El Frente de Todos incluyó nuevos ministros a la coalición. Foto: radiorafaela.com.ar
“En la provincia de Buenos Aires lo que se produjo es una deserción de votantes que votaron al Frente de Todos en las paso de 2019 de alrededor de un 10%. Hubo una desmovilización muy fuerte del votante propio del Frente de Todos. Una parte del Frente de Todos entiende que esta desmovilización se debió a que la política socio-económica no tuvo ni la amplitud, ni la velocidad, ni la intensidad que la crisis social demandaba”, cuenta Rosso en concreto de la provincia de Buenos Aires.
“¿Qué consecuencias traería esto? Hay un riesgo de una crisis de representatividad, la representatividad histórica de esos sectores populares (del 2do y 3er cordón) de la provincia de Buenos Aires, habría como un aviso de decir ‘mirá en esta situación no me muevo a votarte porque si lo que hacen no es suficiente, puedo pasar a votar otra opción'”, explica.
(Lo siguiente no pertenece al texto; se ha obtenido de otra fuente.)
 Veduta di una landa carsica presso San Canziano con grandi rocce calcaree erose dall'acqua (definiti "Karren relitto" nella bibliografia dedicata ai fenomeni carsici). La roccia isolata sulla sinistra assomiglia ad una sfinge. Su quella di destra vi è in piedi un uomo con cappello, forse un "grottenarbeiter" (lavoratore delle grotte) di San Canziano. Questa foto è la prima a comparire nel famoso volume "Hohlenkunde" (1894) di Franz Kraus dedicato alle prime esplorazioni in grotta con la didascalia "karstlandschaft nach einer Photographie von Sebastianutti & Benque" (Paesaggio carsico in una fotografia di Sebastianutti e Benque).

“Intensidad y magnitud tiene que tener ese proceso. Habría que ver cuánto hay de crecimiento y de acumulación privada. Muchas discusiones que irrumpieron a partir del domingo, se procesaron lunes y martes, y continúan en términos de qué es necesario hacer para no perder la representatividad de esos sectores populares, esa es la discusión”, detalla en referencia a la coalición del Frente de Todos.
“El análisis es que si el punto de partida es la lógica presidencialista histórica de la Argentina, o el análisis lo empezás por qué característica tiene un gobierno de coalición. En un gobierno de coalición, las decisiones estructurales, cómo cuál es el rumbo y el proyecto de país, se discuten entre las fuerzas principales que integran la coalición de gobierno. Porque acá no hubo una discusión puntual, acá hubo una discusión de cómo sigue el modelo económico para adelante”, comenta.
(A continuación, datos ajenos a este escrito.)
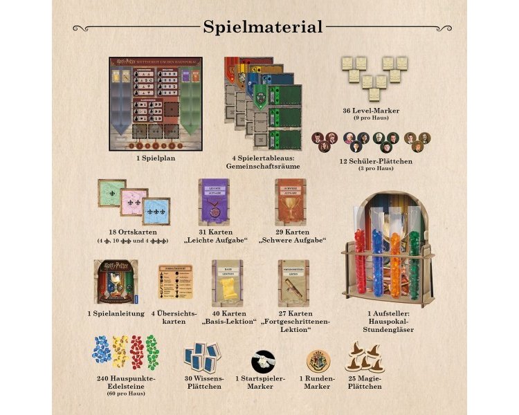 Inhalt: 1 Spielplan, 4 Ablagetafeln "Aufenthaltsraum", 12 Schüler-Chips, 36 Level-Marker, 18 Ortskarten, 40 Karten "Grundkurs", 27 Karten "Fortgeschrittene", 31 Karten "Leichte Aufgaben", 29 Karten "Schwere Aufgaaben", 30 Wissen-Marker, 25 Magie-Marker, 240 Haus-Punkte Edelsteine, 1 Hauspokal Stundenglas mit Aufsteller, 1 Startspieler-Marker, 1 Runden-Marker, 4 Übersichtskarten, 1 Spielanleitung

Los nuevos nombres, la figura de Manzur y la oposición silenciada

“Si vos tomás la frase de los ‘funcionarios que no funcionan’, yo creo que en este caso, sobre todo del gabinete, son todos dirigentes probados en la gestión, o han sido ministros o han sido ministros y gobernadores como el caso de Manzur. Manzur es un tipo hiper probado. Manzur fue ministro de salud, fue gobernador, ahora vuelve como jefe de gabinete. Me parece que si había algún tema acerca de funcionarios que no funcionaban o no ejecutaban todo el presupuesto, este conjunto de funcionarios que ingresó es obvio que no lo tienen. Se pueden equivocar, pueden cometer errores, ahora que no funcionen, que no ejecuten el presupuesto, no lo veo”, opina Rosso.
“La oposición representa los intereses de los sectores más poderosos, por lo tanto cualquier proceso de profundización de políticas públicas distributivas, lo van a intentar bloquear“, comenta en referencia al papel silencioso que juega en este contexto la oposición.

“Manzur es un tipo hiper probado, fue ministro de salud, fue gobernador, ahora vuelve como jefe de gabinete”, dice Rosso en referencia al Jefe de Gabinete, uno de los nuevos ministros del Frente de Todos. Foto: telam.com.ar
Febo asoma, pero con Todos
“Yo creo que sí se puede revertir el resultado de las PASO, hay un fenómeno particular acá, no es que esos votantes que les falta al Frente de Todos se fueron a otras opciones. La mayoría simplemente no votó. Hay de todos modos desplazamientos, se calcula que hay 500 mil votos que fueron al frente de izquierda. La mayoría no hizo un desplazamiento a otra opción. En este caso simplemente no votaron por disconformidad, por miedo a la pandemia, por múltiples factores”.
Para Rosso el enojo fue un factor clave que tuvo que ver las elecciones PASO. “SÍ hay una dimensión o variable que es el enojo, por no estar de acuerdo con las políticas del gobierno. Yo creo que efectivamente hay cambios significativos, se le da más intensidad a la política, que no es un problema de dirección, sino de intensidad, de velocidad. Si se hace ese cambio yo creo que una parte de esos votos van a estar en noviembre en el Frente de Todos”, finaliza.